■ Data provided ■
------------------------------------------------------------------------
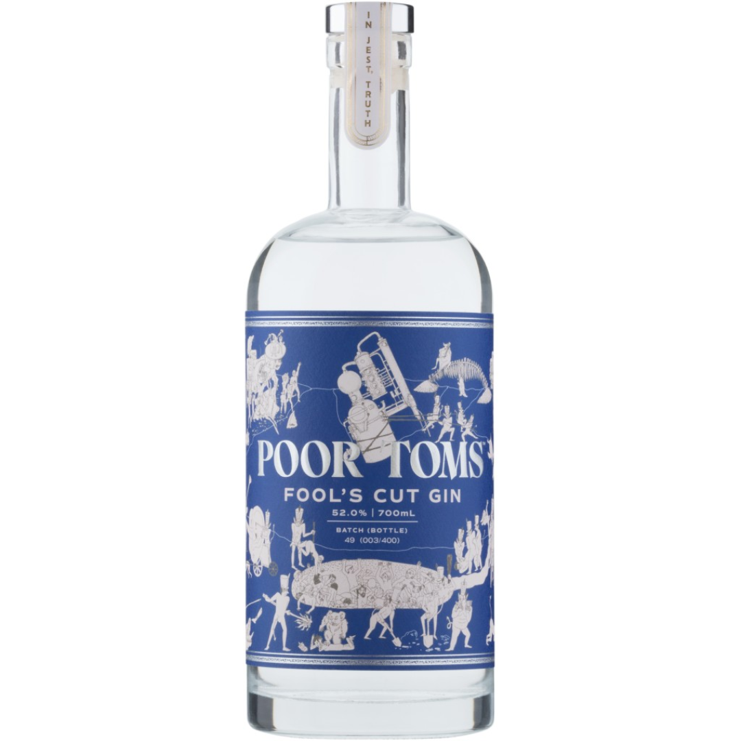 Poor Toms Fool's Cut Gin 700ml is a bold Australian gin with 52% ABV, featuring rich juniper, grapefruit aromas, and a long juniper-licorice finish. It uses 9 botanicals including juniper, coriander seed, cinnamon, angelica root, cardamom, liquorice root, cubeb pepper, chamomile, and grapefruit peel. Ideal for strong cocktails like ultra-dry martinis or classic G&Ts.
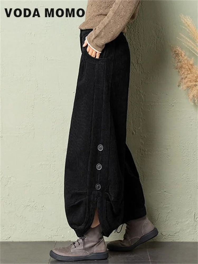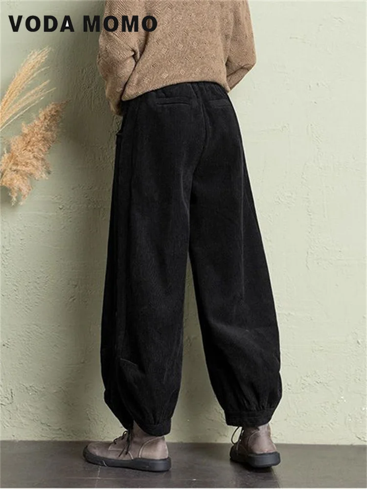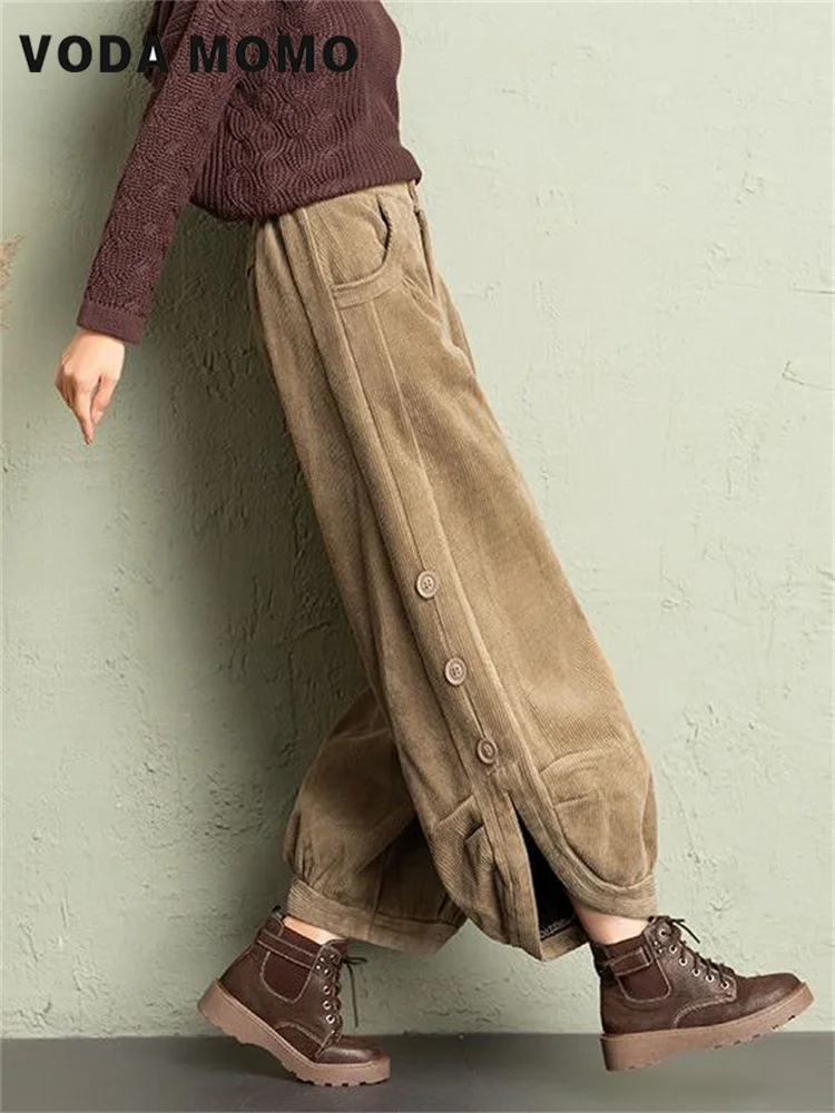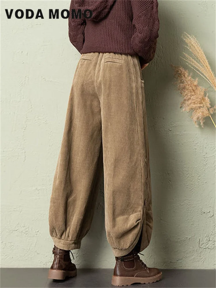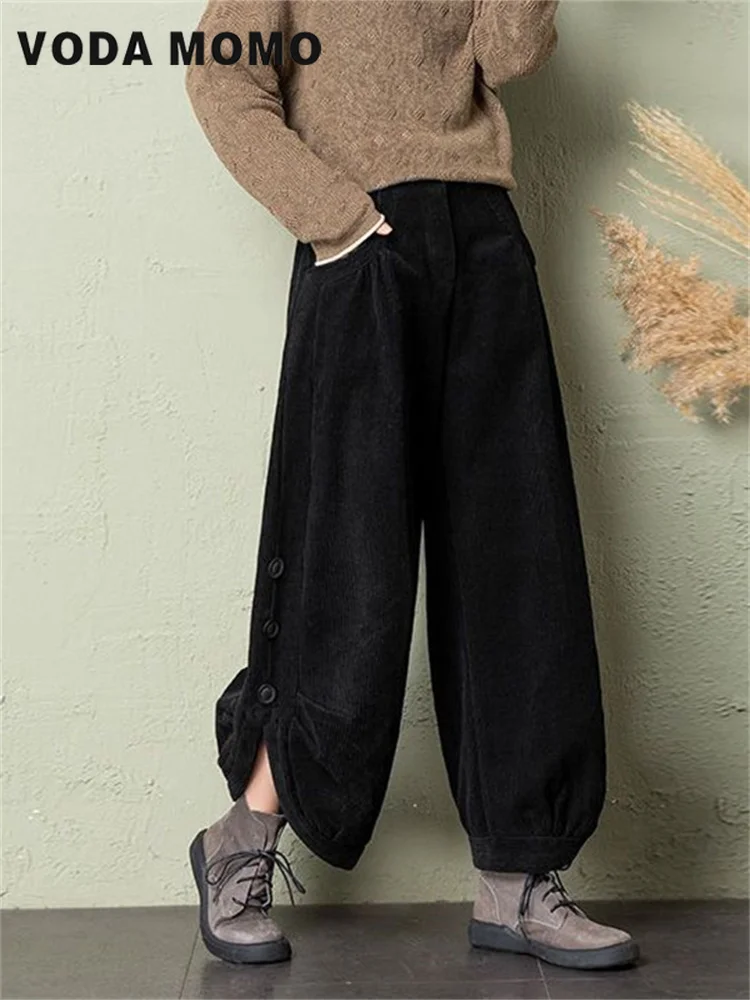 2023 autunno inverno Vintage a vita alta lanterna pantaloni donna bottone laterale larghi pantaloni Casual larghi gamba larga pantaloni di velluto a coste donna
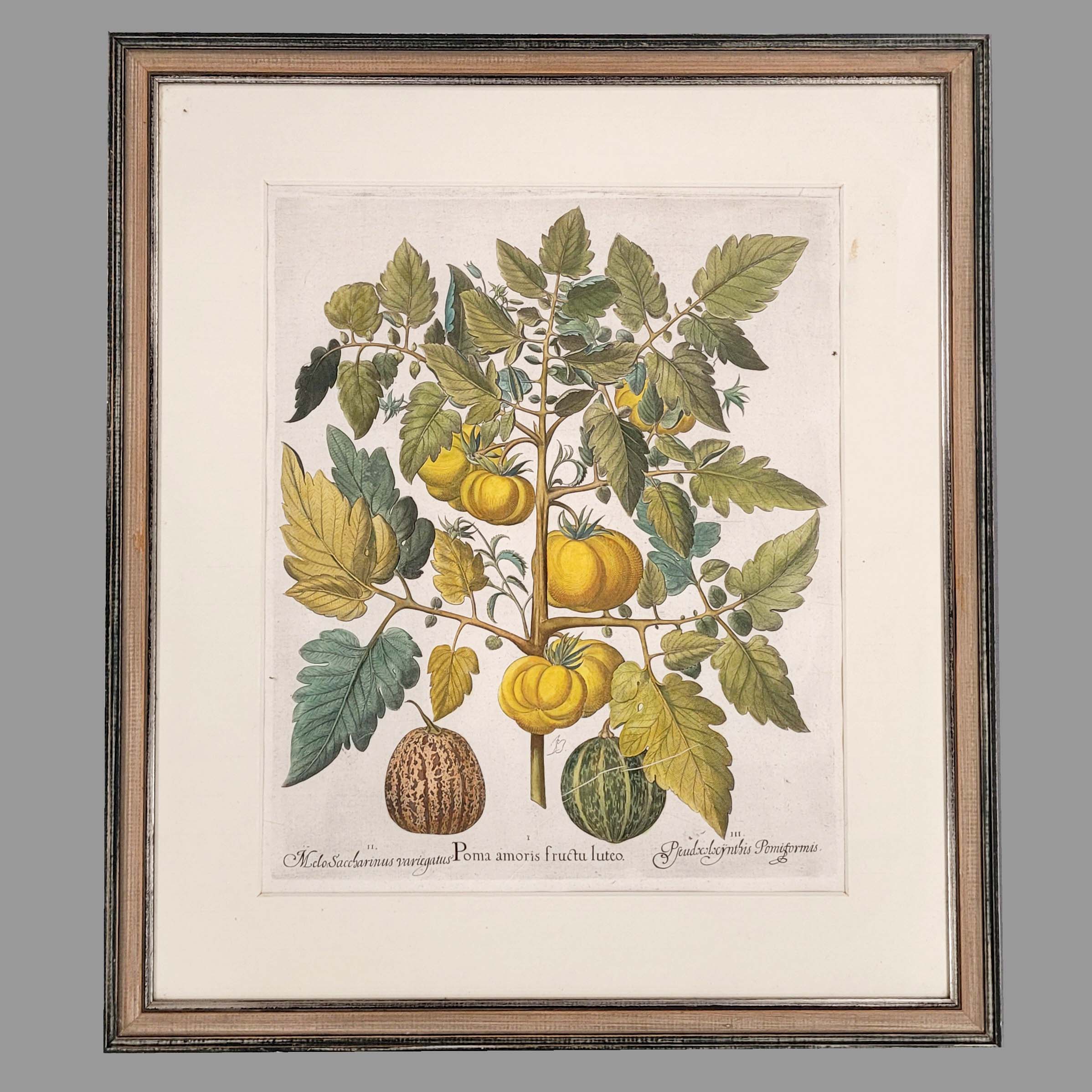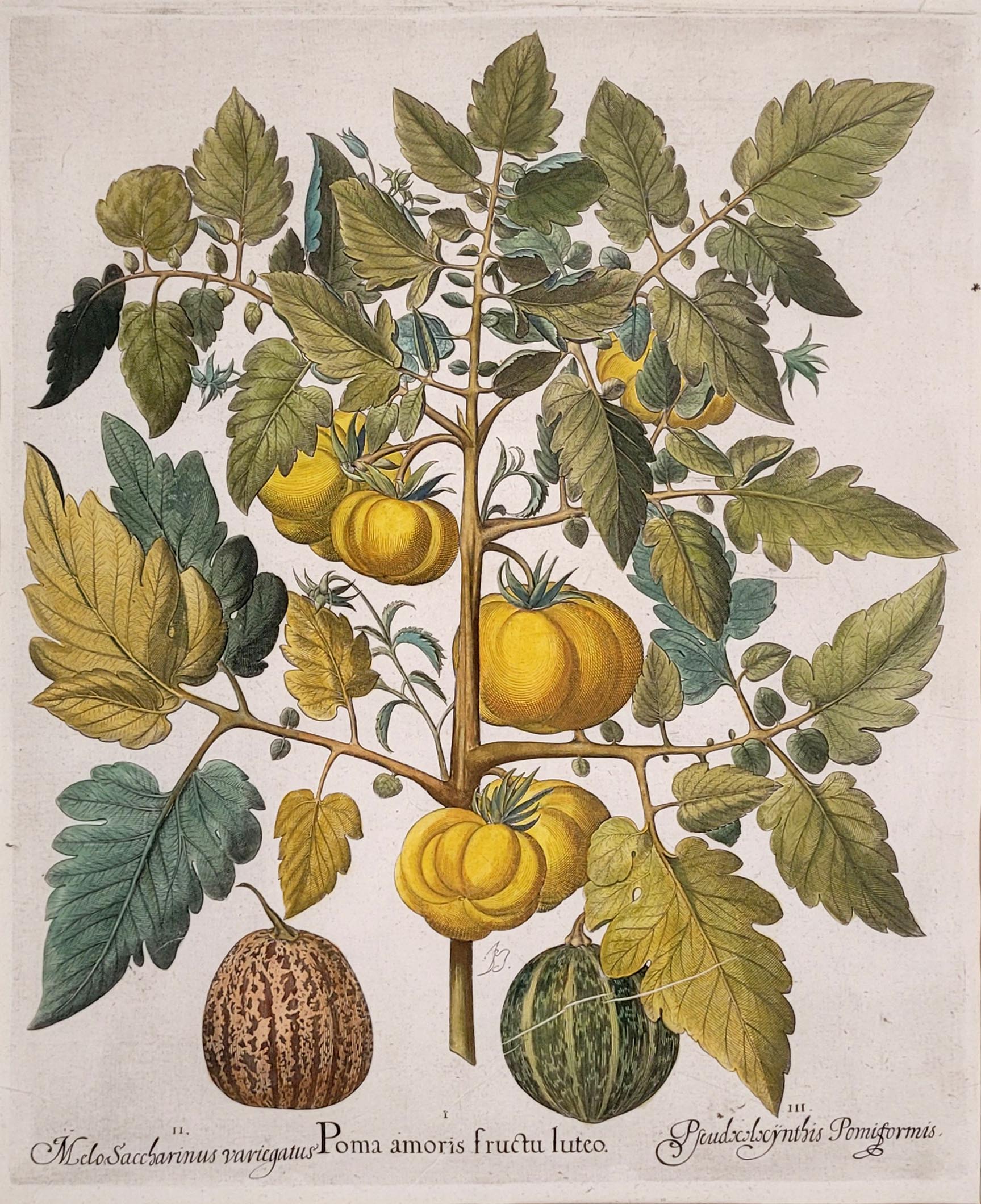 BESLER, Basilius (1561-1629): Poma amoris fructu luteo (Melonen)Kupferstich aus dem Hortus Eystettensis, 1613, 49 x 40,5 cm, gerahmt unter Glas und Passepartout (Stauchfalten im Papier)
------------------------------------------------------------------------
■ Goal of the exercise ■
The material above is to be transcribed exactly, with all pictures omitted.

■ Expected answer ■
 Poor Toms Fool's Cut Gin 700ml is a bold Australian gin with 52% ABV, featuring rich juniper, grapefruit aromas, and a long juniper-licorice finish. It uses 9 botanicals including juniper, coriander seed, cinnamon, angelica root, cardamom, liquorice root, cubeb pepper, chamomile, and grapefruit peel. Ideal for strong cocktails like ultra-dry martinis or classic G&Ts.
 2023 autunno inverno Vintage a vita alta lanterna pantaloni donna bottone laterale larghi pantaloni Casual larghi gamba larga pantaloni di velluto a coste donna
 BESLER, Basilius (1561-1629): Poma amoris fructu luteo (Melonen)Kupferstich aus dem Hortus Eystettensis, 1613, 49 x 40,5 cm, gerahmt unter Glas und Passepartout (Stauchfalten im Papier)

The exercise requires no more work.